In Clonard Phil became interested in Christian Meditation, especially the method promoted by the Benedictine, Fr. John Main. Not only was he a promoter of the Meditation but was personally very committed to it. Every Thursday evening a group of Christians gather in our community oratory for an hour’s meditation where Phil was a leader and encourager.
Other interests of his were listening to classical music, reading the latest in theological developments and bird watching.
Over a period of twenty weeks earlier this year a “School of Prayer” was held in Clonard when a series of speakers presented different systems of prayer. One Tuesday in April Phil, together with Mary McKinney, presented the John Main system of Christian Meditation.
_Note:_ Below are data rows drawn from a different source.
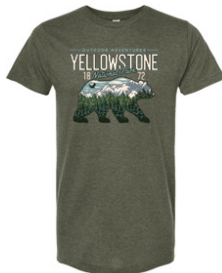
TULTEX - UNISEX FINE JERSEY T-SHIRT - 202 HEATHER MILITARY GREEN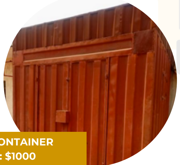
SALES CONTAINER COST: $1000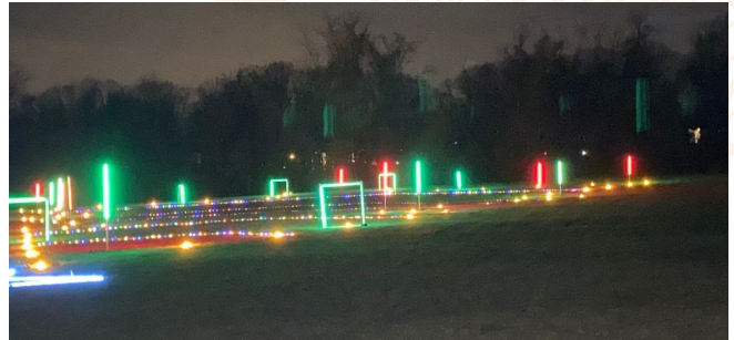
From the ground, it looks like this. A maze of lights.

The last Night -Fly for 2020 was held on Sunday December 13th. Put together by Rich and Mike D. Pictured below is the awesome Christmas tree as put together by Rich McDonald. From the ground it is a maze of obstacles and lit up poles that the FPV pilots try and navigate. It has a twinkling star on the top and is 279 ft tall (if it were standing vertically), horizontally. 160 wide, 600 Christmas lights and a few thousand LED's.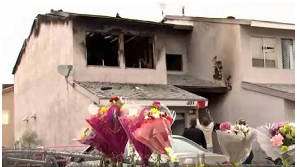
Five children died in the Arizona house fire - the oldest was only 13.

“The children’s father reported to investigators that he was gone for approx-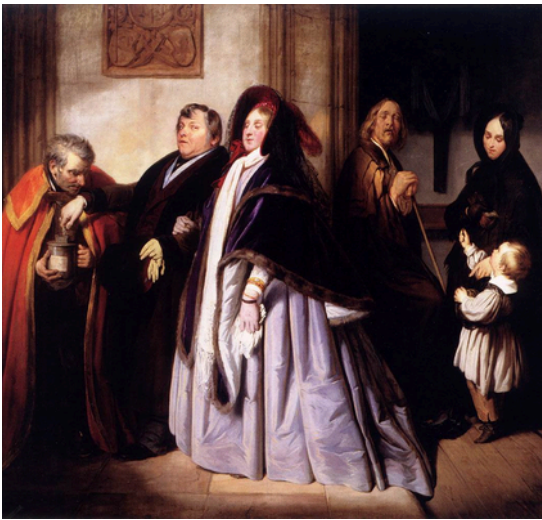
The Widow's Offering (c. 1838) by Josef Danhauser (1805–45), an artist of the Austrian Empire, is among the many artistic interpretations of this Sunday's Gospel.

2024 Year of Prayer • Thirty-Second Sunday in Ordinary Time (B) Thirty-Second Week in Ordinary Time • Vol. IV • Psalter Week IV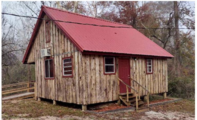
New roofs for the cabins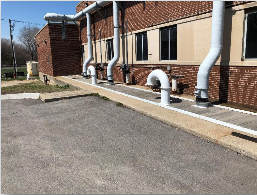
Blue River Screen House Exterior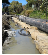
Eels caves along Dudley Creek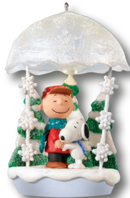
Christmas Hugs PEANUTS © United Feature Syndicate, Inc.

You guessed it. The second Club-exclusive ornament will be available for purchase beginning August 25. Christmas Hugs ($20.00), the endearing PEANUTS® ornament, highlights a much-loved duo,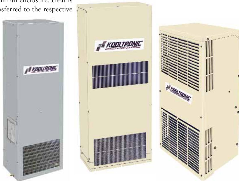
Figure 2. Enclosure cooling air conditioners typically carry agency markings such as UL, which designates the environmental hazard from which the contents are being protected. This marking should be matched to the enclosure to be cooled. Typical examples include NEMA 12 (left), NEMA 3R middle and NEMA 4X (right).

The thermostat has a differential setting that is typically 12 to 15°F (7 to 8°C) above the low-limit setting. When the air circulated within the enclosure rises by this amount, or at about 90°F (32°C), the compressor and condenser blower turn back on, reducing the enclosure internal air temperature once again. Therefore, at startup of an enclosure system, it would be normal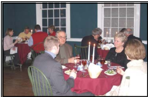
Guests enjoy dinner in the Thornhill mansion

by staff dressed in period clothing. Our park curator will give a brief historical introduction of the estate. Tickets are sold in advance and sell out quickly as we are limited to two sittings of 40. All proceeds are used to maintain the historic homes. We will begin accepting reservations in October at the Faust Park Visitor Center: (314)615-8FAU. Must be 21 years of age or older to attend.

The various presentations were video recorded and put on the web, including that led by Phil and Mary McKinney and if you are interested you could cut and paste this link:
The recording begins with a ‘shaky’ camera and during the hour Phil has an input of about twenty minutes early on and towards the end of the recording. A big part of the programme seems to be given over to the participants.
From The Irish News:
TRIBUTES have been paid to a west Belfast Redemptorist who died suddenly just minutes before he was due to say Mass at Clonard.
Fr Phil Dunlea was making coffee for the Redemptorist community at about 6.45am on Tuesday when he collapsed in a small dining room in the monastery.
The 84-year-old, who was originally from Rathkeale in Co Limerick and grew up in Cork, had been based at Clonard for the past 17 years.
He was ordained in 1962 and, before joining the Clonard community in 2002, he had been based for nine years at St Gerard’s on Antrim Road where he was a curate.
Clonard Rector Fr Peter Burns said the Redemptorist community had been left “shaken by the suddenness” of Fr Dunlea’s death.
“Our community woke up yesterday morning to the death of one of our confreres unexpectedly,” he said.
“He was getting ready to say the 7am Mass. He was making coffee in the small dining room and just collapsed and died on the floor.”
“He was a very quiet but a very easy presence in our community and we are very shaken by the suddenness of his death,” he added…
Tributes were also paid to Fr Dunlea online, with one woman describing him as “very soothing and sincere” while another said he had been a “gentle and spiritual support”. Another person described him as “such a kind, clever, loving man – an example to the world”.